It could be a tactical approach that involves replacing existing technology with a newer, better technology or about adding new capabilities to support new use cases. Or it could be a more strategic initiative that involves moving to the cloud or outsourcing to managed services.

Regardless, getting the best return from a modernization effort requires avoiding some common pitfalls. But let’s start with some of the major potential benefits of modernization.

Despite the benefits of modernization, wholesale changes such as a complete “lift and shift” to the cloud may not always be a winning strategy. You need measurement and analysis of the current and future state of your environment to help you make informed data modernization decisions and avoid these common issues faced by modern enterprises.

Watch Out for these Modernization “Gotchas”

From planning to implementation and post-implementation management, here are eight modernization “gotchas” to be aware of on your modernization journey.

Planning

1. Giving Up Too Much Control

Outsourcing infrastructure can present tradeoffs in terms of performance, capabilities, security, cost, and other aspects that may be more easily controlled in an on-premises environment.

Loss of control is a major reason why many organizations opt for a hybrid model rather than moving all applications, workloads, and data sources to the cloud.

What’s more, for large, consistent workloads, the economics of an on-premises environment can outweigh the benefits of the cloud.

2. New tech, same problems

Moving to a new home is a great opportunity to clean out the clutter in your garage, attic, and basement. The same is true for modernizing your data environment.

There’s a real cost (and risk) of retaining unused and redundant data, workloads, and pipelines. Consider decluttering and consolidating your data environment as part of your modernization effort.

3. Migration Costs

A lift-and-shift approach can make migration easier but might not take advantage of the benefits of the new technology or environment. Refactoring or re-architecting solutions can provide bigger benefits, including lowering production costs and improving performance.

Yet these engineering efforts bring additional cost and risk. In many cases, neither option will yield a return on investment, in which case, precious time and resources should be spent elsewhere.

4. Tech Sprawl

Cloud marketplaces can make a creative engineer feel like a kid in a candy store with a vast array of capabilities at their fingertips. Leveraging new technology can be necessary to support innovation for your business. The downside is this can also lead to tech sprawl that’s difficult to oversee, manage, and budget for — especially in a multi-cloud environment.

Risk increases from dependency on additional technology, additional skill sets, and greater complexity overall.

Implementation

5. Data Migration Risks

Many aspects of data can get “lost in translation” as it gets migrated from one technology or environment to another. For example, moving data from a data warehouse to a data lake can provide flexibility on the one hand but a lack of control on the other.

That’s why data reconciliation — ensuring data arrives as expected — should be a key component for any modernization strategy. Of course these sorts of checks and balances are becoming ever more important post-migration as data becomes increasingly distributed and accessed on-demand and in real-time.

6. The Data Swamp

Siloed data in the cloud is still siloed data — it’s distributed and is only usable if identifiable. Migrating a data swamp from on-prem to the cloud doesn’t solve much. In fact, doing so might actually increase confusion and cost.
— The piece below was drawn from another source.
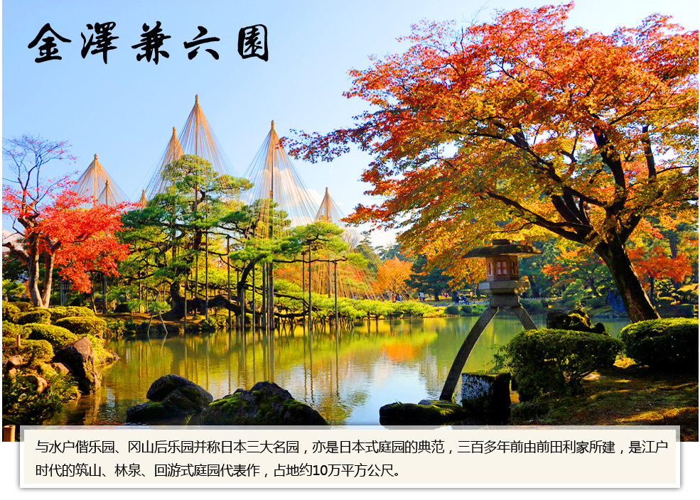 【金泽兼六园】与水户偕乐园、冈山后乐园并称日本三大名园,亦是日本式庭园的典范,三百多年前由前田利家所建,是江户时代的筑山、林泉、回游式庭园代表作,占地约10万平方公尺。其名引自宋代诗人李格非《洛阳名园记》所述,名园需兼具符合宏大、幽邃、人力、苍古、水泉、眺望等六胜,因而被取名为《兼六园》。

Data was hard enough to find before, and now it has moved. To maximize the impact of your data, you need to make it easy to find, explore, and validate.

Post-Implementation

7. The Meter is Running

Limitless scalability sounds great — until someone forgets to turn off a service that’s no longer needed. It can also be quite easy to generate workloads that scale out of control. Failing to implement the right monitoring and alerts could lead to a massive cloud bill.

Insight into how and why resources are consumed and how to improve workload efficiency can improve the price / performance ratio. Multiplied across all of your workloads and use cases, it’s easy to see why data observability has become such a hot topic for budget owners.

8. Cost vs. Benefit

In theory, accurately assigning compute and storage utilization costs to individual business processes should be easier with cloud technology that is metered. Unfortunately, that’s typically not how the billing works, which makes internal chargebacks much more complex than they should be.

To truly optimize data investments for the cloud you need visibility into the cost of supporting specific business processes so that you can align business and technical strategy and tactics for the maximum return on data investment. Unlike the sunk costs of on-premise infrastructure, the cloud brings the flexibility to adapt usage quickly based on business priorities, but this only benefits you if you measure what you manage.

Use Data Observability to Reduce Risk in a Modernization Strategy

Data observability can reduce risk in your modernization strategy by providing end-to-end visibility into your data, processing, and pipelines. Get the insights you need to make informed decisions for every step of your modernization journey:

Plan

Data observability gives you the insight needed to put the right plan in place to get the maximum return on modernization initiatives. It enables you to:

Implement

Beyond improving agility, lowering cost, and adding capabilities, modernization can provide an opportunity to improve data reliability, management and usability because it helps with:

Manage

“X”-as-a-Service means cost is not a one-time, fixed event but a meter that runs whenever it’s used. Cost efficiency can only be achieved by monitoring, analyzing and acting upon utilization. Data Observability technologies that provide the following capabilities often yield the highest return on investment:

While XaaS vendors do a great job of providing agility, they are not incentivized to provide efficiency. In fact, they profit from inefficiency. Data observability looks out for the consumer of XaaS.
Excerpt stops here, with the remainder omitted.